Non-verbal acting is how John Krasinski made a name for himself. In his breakout role on The Office, his character would routinely break the fourth wall, staring silently into the camera to express his frustration, amusement, and terror. His expressive face serves him well in A Quiet Place, a horror film that has limited spoken dialogue. Krasinski’s hands are all over the film: He directed it, produced it, and co-wrote the screenplay. He takes a simple premise—a post-apocalyptic scenario where monsters can only hear you—and achieves impressive levels of suspense and dread with it.

It is a long time before anyone actually speaks in A Quiet Place. That is not a problem, since Krasinski conditions the audience toward an existence that values silence. Krasinski is part of a tight family unit: Emily Blunt plays his wife, while Millicent Simmonds and Noah Jupe play their daughter and son, respectively. Their daughter is deaf, so the family knows sign language. And since the monsters will attack based on the slightest sonic provocation, their silent communication is the key to surviving long after most of the population was wiped out.

Aside from constant vigilance over the monsters, preparations are underway since Blunt’s character is pregnant. It seems ill-advised to bring a child into a world where sound guarantees death, and yet the family has a plan. Their plan goes to shit, as it must, and the film’s climax follows them through one crisis after another.Small, elegant details of production design are what makes A Quiet Place so immersive. The entire family walks barefoot on sand to muffle their footsteps. As husband and wife, their only romantic indulgence is to slow dance while sharing iPhone ear buds in one ear each. This family does not need to be strong characters since Krasinski ruthlessly puts them in situations that engage our sympathy. One character accidentally steps on a nail, immediately covering their mouth since they dare not scream. We feel for these characters the way they might feel for a pet: Since they cannot speak, our imaginations are in overdrive over what they must be feeling. The monsters themselves are ghastly enough, but in the classic horror tradition, they are most effective when they are barely seen.
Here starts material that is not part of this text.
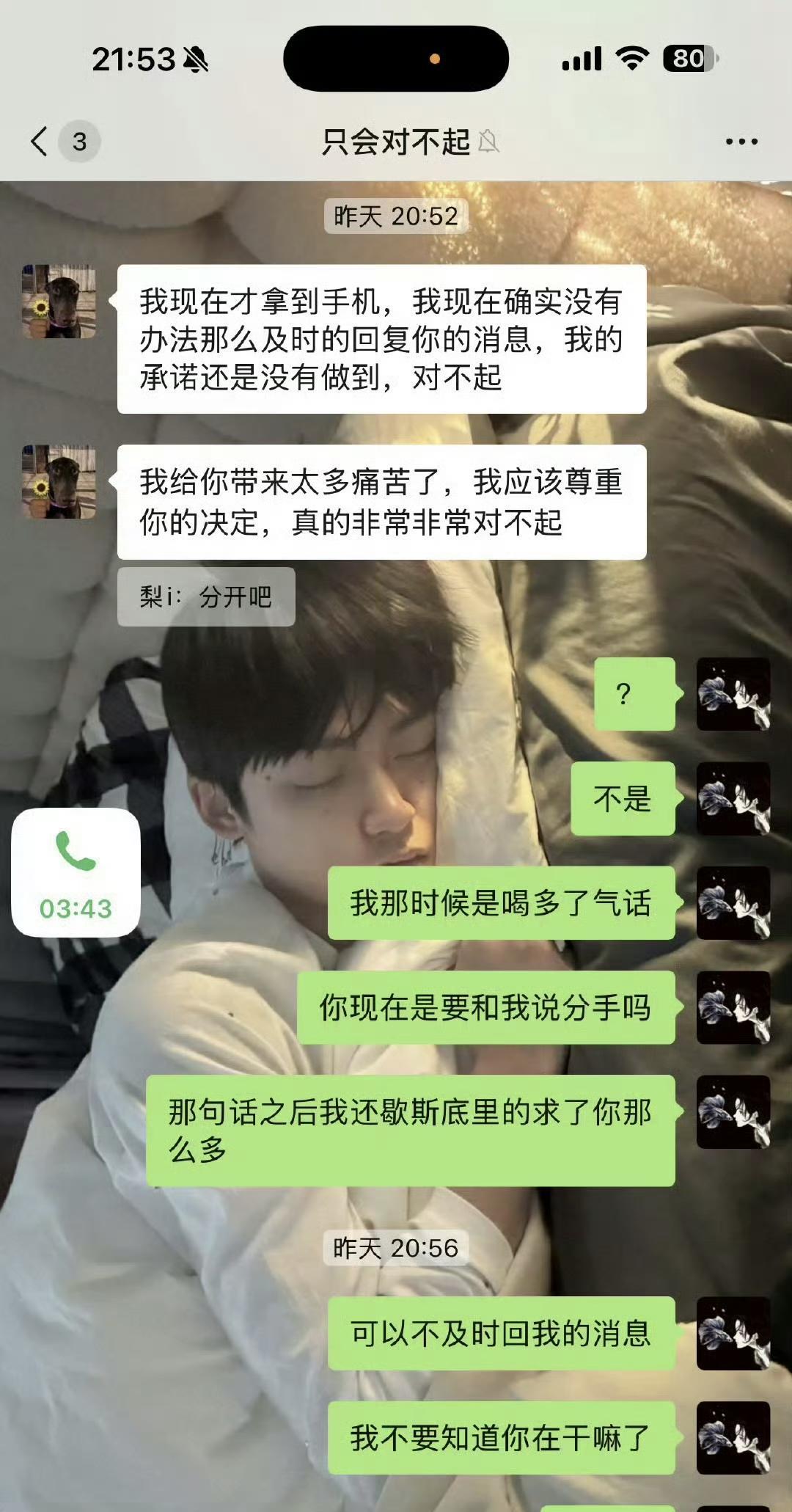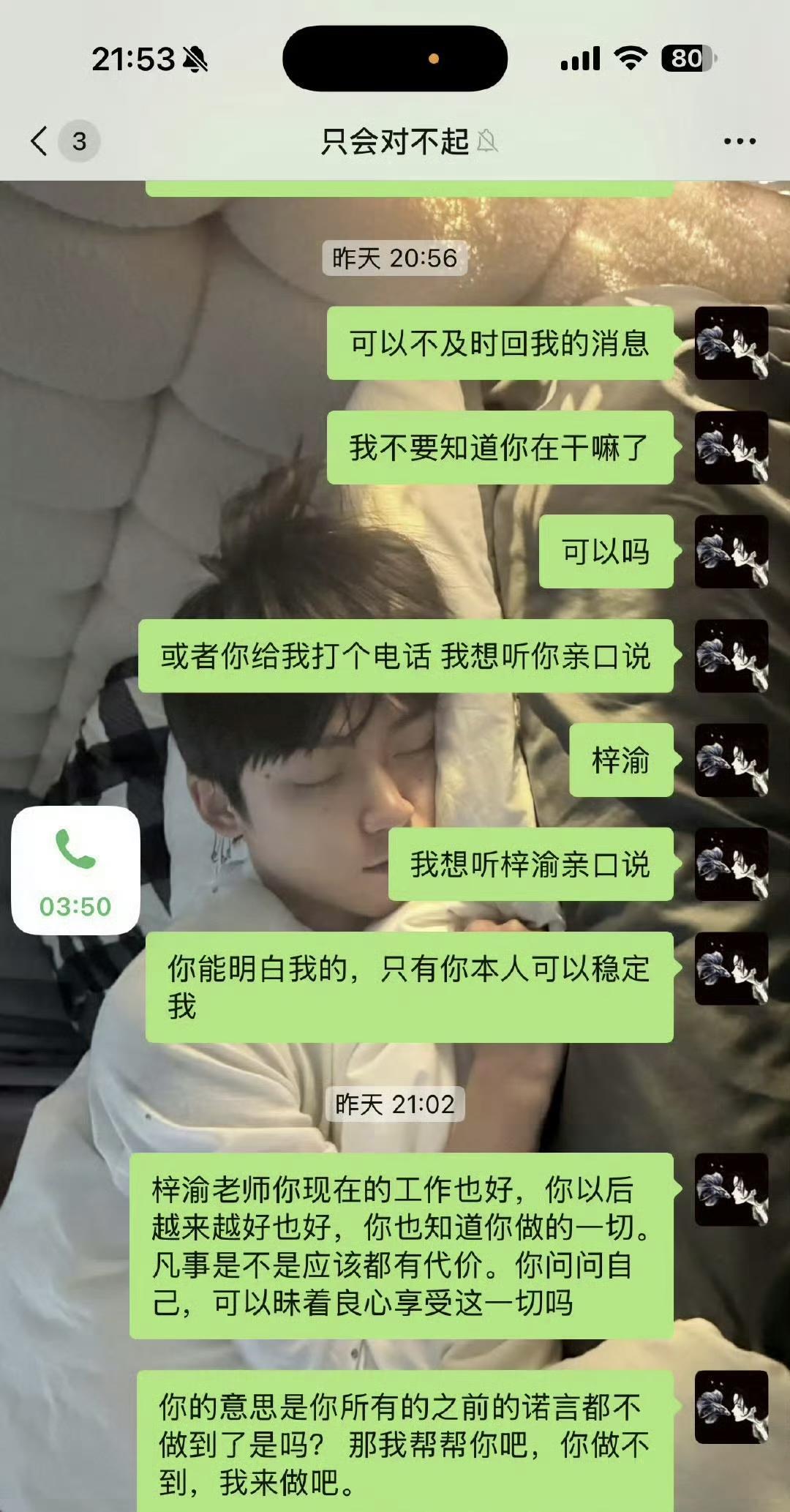 嫂子又放了和梓渝的聊天记录,梓渝看还挺真诚的,他表示“不如就当是一场梦我做回普

Audience participation is another key element to the film’s success. Like the characters, no one will dare make a sound during A Quiet Place. Some people hold their breath, clench their armrests, and resist the urge to scream. Krasinski internalizes how the movie-going experience can be shared, and half the fun is how he plays with expectations. If there is some smart-ass who think it is funny to yell at the screen, you will be extra justified when you tell them to shut up. When there are so many streaming options and films are available on video in a matter of months, it is terrific to have a film that practically demands a communal, borderline interactive experience.

The film’s biggest tension is not whether the family will survive, but what sacrifices they are willing to make. It is no spoiler that Blunt’s character will go into labor before the film is over, and to his credit, Krasinski keeps the newborn’s fate ambiguous. Do they want to add to their family, or do they want to spare a child from a life of silent terror? If A Quiet Place has any grander themes, it is about how parents fear failing their children. In the film’s few passages where dialogue is spoken, that is the only topic under discussion. Krasinski does not see A Quiet Place as allegory—the conversations only add subtext to future character decisions—but it is hard to fault him for abandoning grander ambitions. The film is too ruthless and scary for that.

Like many other horror films, A Quiet Place falls apart as you leave the theater and think about the premise. If any sound triggers the monsters, for example, what happens when the family goes to sleep? Surely one of them must snore. On top that, Krasinski relies on a musical score that telegraphs one too many emotional cues (there must be a director’s cut that has no music whatsoever). But for a lean 90 minutes, no one will have a moment to consider such detail. They will be too busy staying quiet, covering their mouths and eyes, in utter fear of what will happen next to this devoted family whose biggest problem is they are not too loud, but too optimistic.

A Quiet Place opens Friday in theaters everywhere.